Edenian Amnesia
Edenian Amenesia was a common ailment during the Second Age. Created by the sister goddesses themselves, the condition resulted in the blurring or removal of memories which might make a newly arrived refugee struggle to adapt to life in Eden. But though the goddesses’ intentions were good, a blank or semi-blank slate was something the worst of the new arrivals would use as justification for their misdeeds. As a result, the sister goddesses eradicated the condition and never again used it to try and shape the behaviors of Eden’s citizenry.
Transmission & Vectors
The contagion which caused Edenian Amnesia was water-based. As nearly all refugees arrive in Eden via the The River Without End, the sister goddesses saw spiking the waterway as the most efficient way to distribute their contaminant.
Symptoms
Sufferers experience both the blurriness of some memories and the all-out removal of others. The contagion seeks to keep the core of a person’s being intact at all costs, which is why it simply smudges some memories while cutting out others entirely.

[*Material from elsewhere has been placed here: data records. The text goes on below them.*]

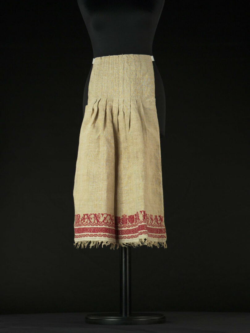 Zástera je zhotovená z jednej šírky domáceho konopného plátna. Na dolnej časti je umiestnená výšivka, krížiková s hladkovaním. Do výšivky je zakomponované meno majiteľky (BRINZA KATUSA). Okraj ukončujú dva rady mešterky a strapce. Horná časť je zúžená ušitými záhybmi. Zástera nemá viazačky. Bola používaná ako pracovná zástera.
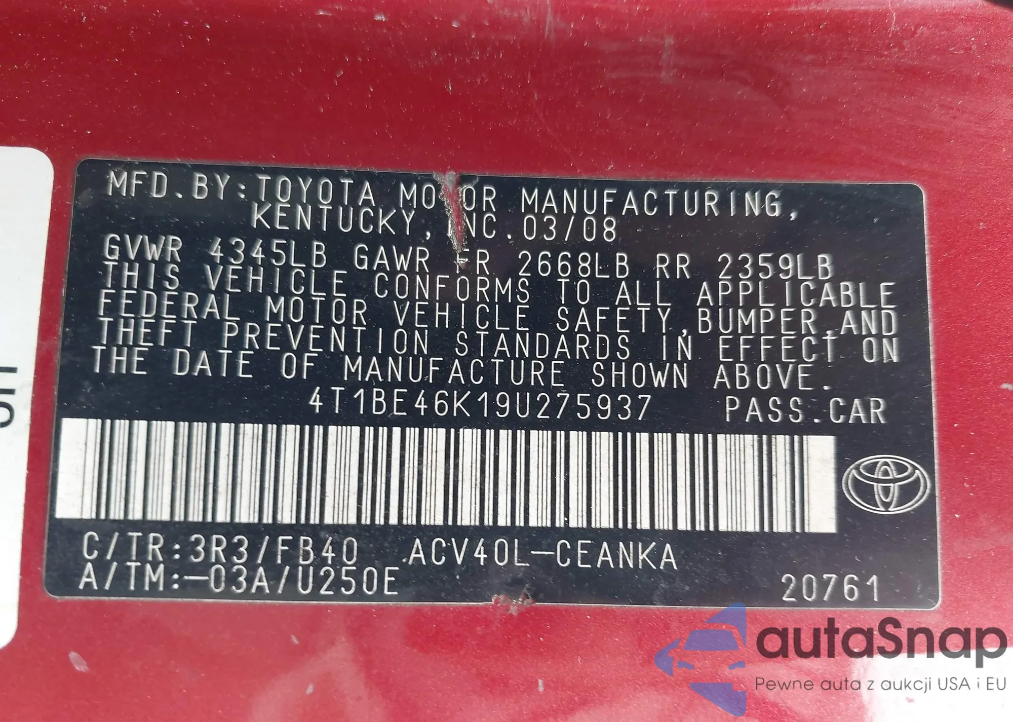 • VIN 4T1BE46K19U275937
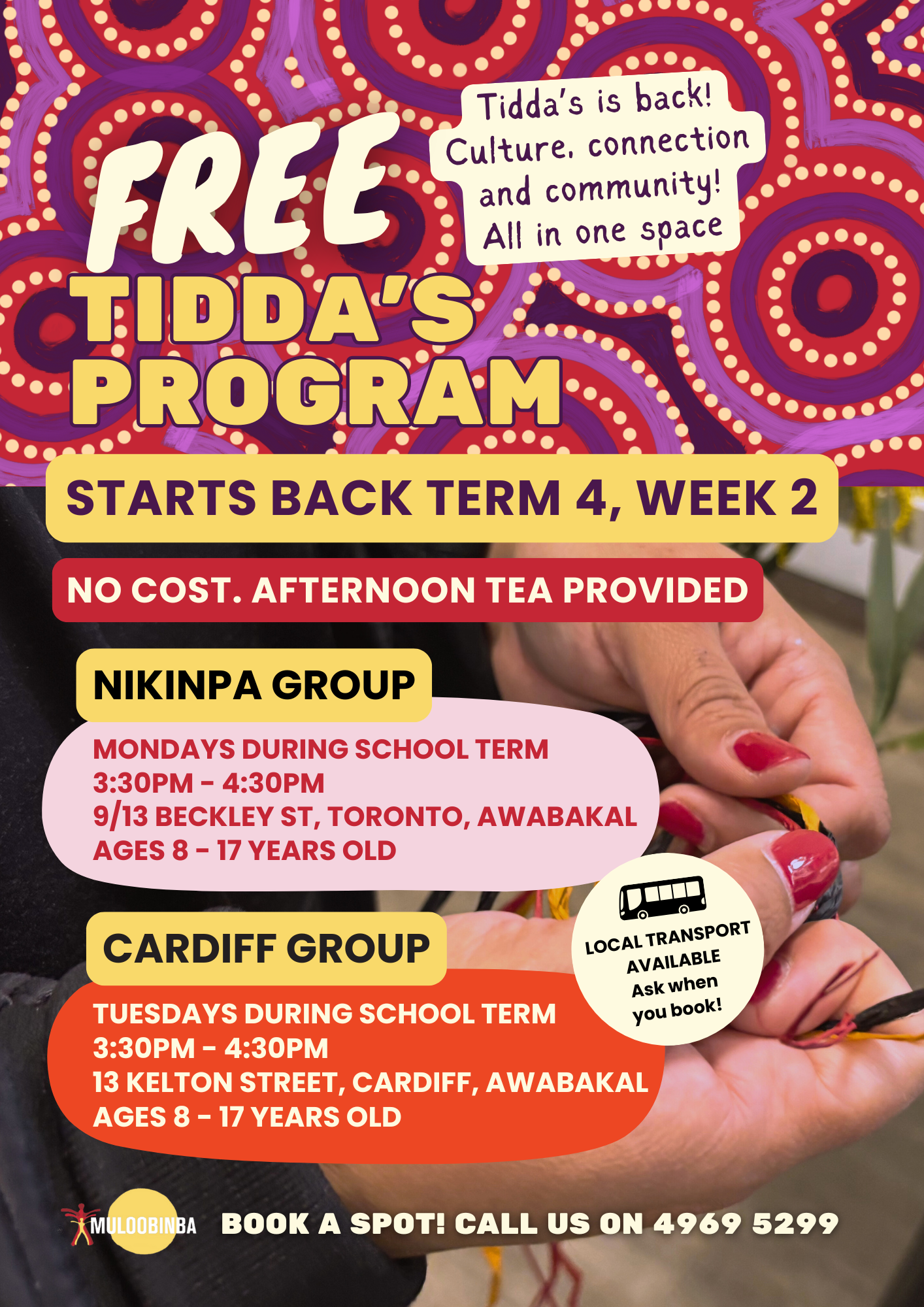 Back to All Events Tiddas Program at Nikinpa Monday 20 October 2025 3:30 pm 4:30 pm Nikinpa Aboriginal Family & Child Care Centre 9-13 Beckley Street Toronto, NSW, 2283 Australia (map) Google Calendar ICS

The idea is to make them accept the mish-mashed, hodgepodge reality of Eden more easily. For example, when Earthling refugees from the year 1912 arrived in Wonderland, which felt more a Renaissance Festival than the steampunk version of reality they’d just come from, their memories were adjusted to make the transition smoother. Others arriving in the far-off but far more modern cities of Nunya, required far less manipulation. And many who arrived in the technologically advanced lands of The Reek suffered little if any Edenian Amnesia at all. They needed all the help they could get just comprehend the city of the future they’d been plunked down in.
Treatment
There was no treatment available. The condition was permanent. That said, this permanence didn’t stop some refugees from flocking to the Edenian Athenæum to seek out information about their lost reality which might help them piece together their patchwork pasts.
Prognosis
Most sufferers went on to lead pleasant, fulfilling lives in their new reality. Some, however, suffered from delusions of grandeur brought on by their freshly blank slates. For folks like the False Kings, many of whom believed in their core that they deserved better than life on Earth had given them, their blurry memories were an excuse to rewrite their own histories—often to justify heinous, self-serving actions.